*What is needed*. Everything from the line with "Pexip Infinity requires" down to the line with "衿がレースのブラウスをレイヤ" below must be printed exactly, those two lines included. Exclude pictures.

*Supplied material*.
_____

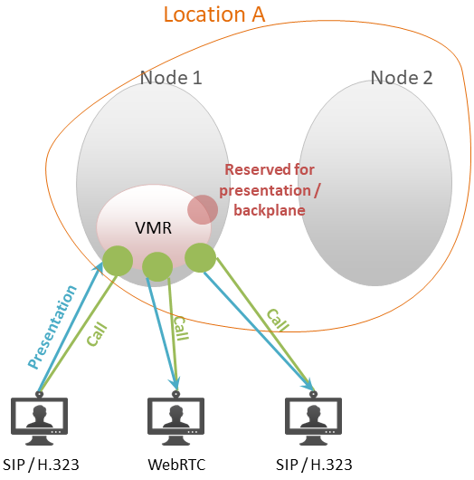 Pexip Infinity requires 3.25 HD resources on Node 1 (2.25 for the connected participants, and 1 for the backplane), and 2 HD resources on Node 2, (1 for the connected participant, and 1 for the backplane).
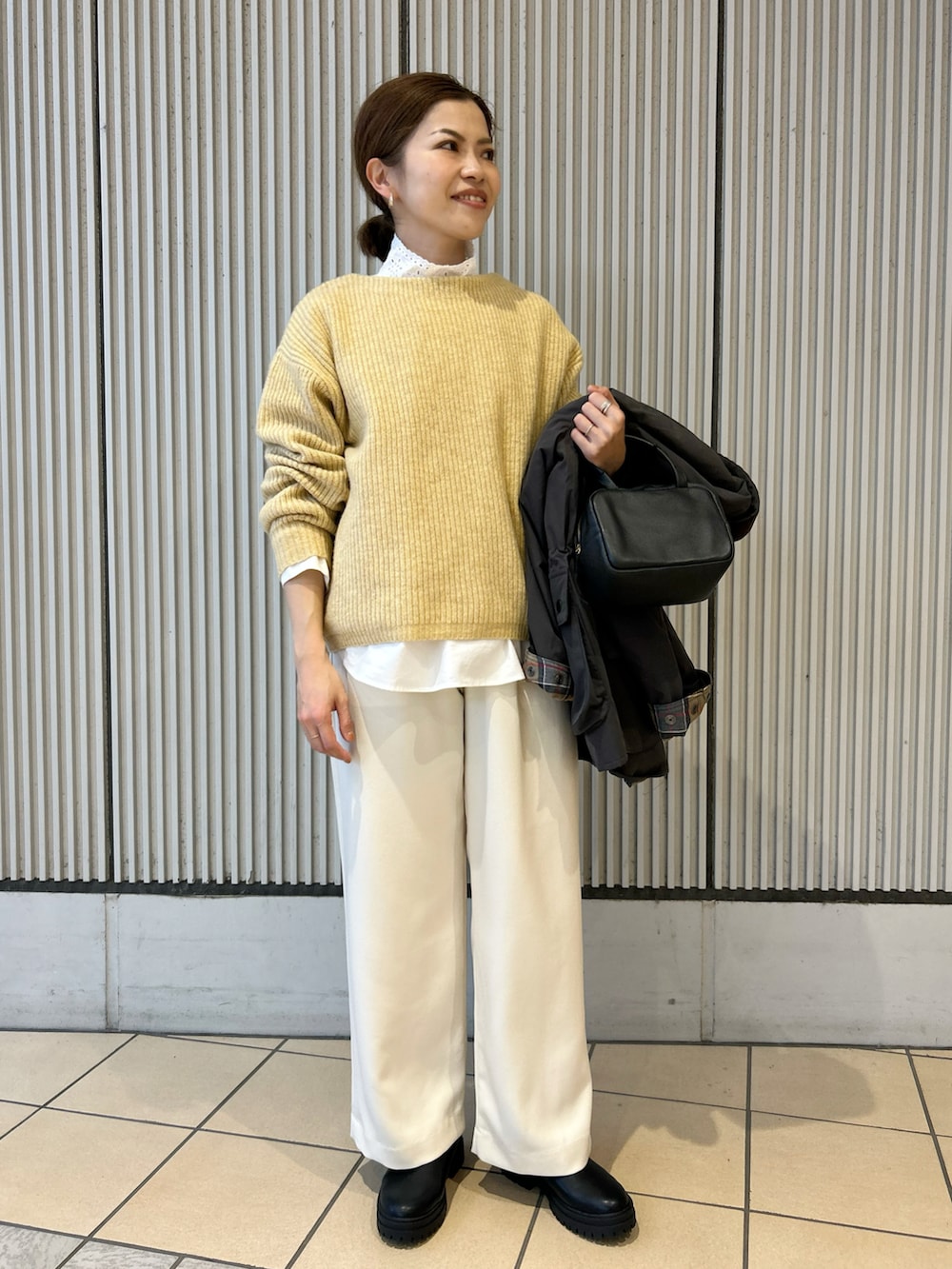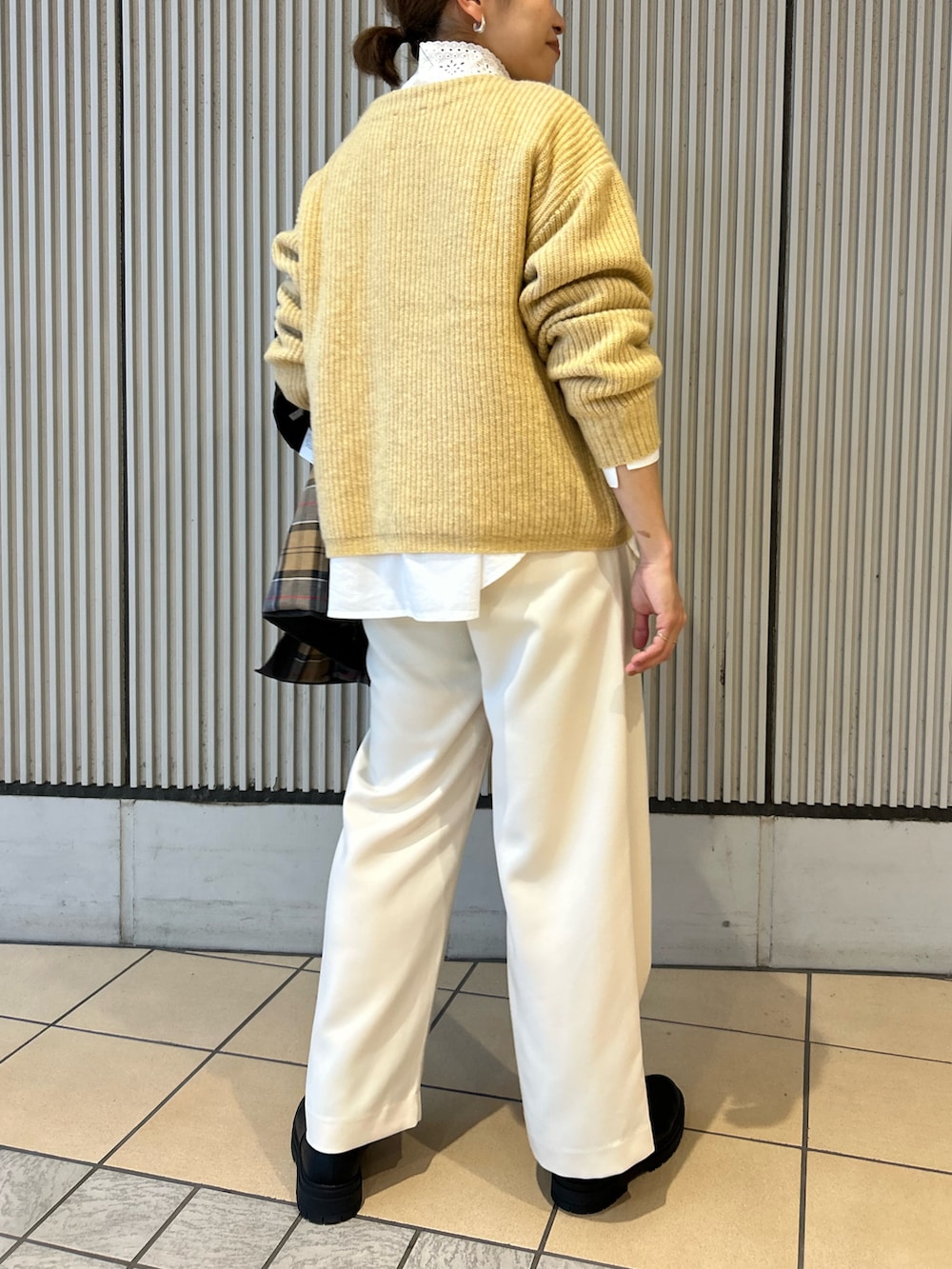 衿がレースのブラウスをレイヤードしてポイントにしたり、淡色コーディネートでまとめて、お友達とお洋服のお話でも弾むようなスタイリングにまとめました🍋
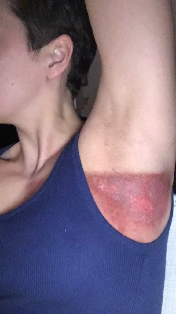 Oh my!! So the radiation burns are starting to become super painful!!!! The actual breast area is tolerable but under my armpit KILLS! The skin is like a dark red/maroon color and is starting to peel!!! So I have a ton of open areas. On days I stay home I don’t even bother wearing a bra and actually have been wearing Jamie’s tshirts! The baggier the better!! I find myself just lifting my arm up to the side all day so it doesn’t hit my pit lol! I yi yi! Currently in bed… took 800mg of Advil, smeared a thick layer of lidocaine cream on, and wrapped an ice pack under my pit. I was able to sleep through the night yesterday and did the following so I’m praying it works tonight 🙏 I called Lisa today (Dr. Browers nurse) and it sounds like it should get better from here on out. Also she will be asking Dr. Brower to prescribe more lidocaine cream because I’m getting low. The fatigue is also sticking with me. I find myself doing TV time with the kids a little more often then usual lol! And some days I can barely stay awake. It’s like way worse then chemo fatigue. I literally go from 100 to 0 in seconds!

_____

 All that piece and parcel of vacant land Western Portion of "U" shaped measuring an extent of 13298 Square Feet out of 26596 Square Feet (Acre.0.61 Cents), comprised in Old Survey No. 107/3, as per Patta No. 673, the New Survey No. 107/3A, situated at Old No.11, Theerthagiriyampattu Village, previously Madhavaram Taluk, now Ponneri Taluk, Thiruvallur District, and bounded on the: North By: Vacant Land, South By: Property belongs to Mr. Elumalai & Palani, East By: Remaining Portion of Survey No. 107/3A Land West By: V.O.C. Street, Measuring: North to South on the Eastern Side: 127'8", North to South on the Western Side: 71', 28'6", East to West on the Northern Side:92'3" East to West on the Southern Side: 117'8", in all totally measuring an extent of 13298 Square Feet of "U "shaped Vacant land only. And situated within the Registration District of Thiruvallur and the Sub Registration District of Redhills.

_____

*Your solution*.
 Pexip Infinity requires 3.25 HD resources on Node 1 (2.25 for the connected participants, and 1 for the backplane), and 2 HD resources on Node 2, (1 for the connected participant, and 1 for the backplane).
 衿がレースのブラウスをレイヤードしてポイントにしたり、淡色コーディネートでまとめて、お友達とお洋服のお話でも弾むようなスタイリングにまとめました🍋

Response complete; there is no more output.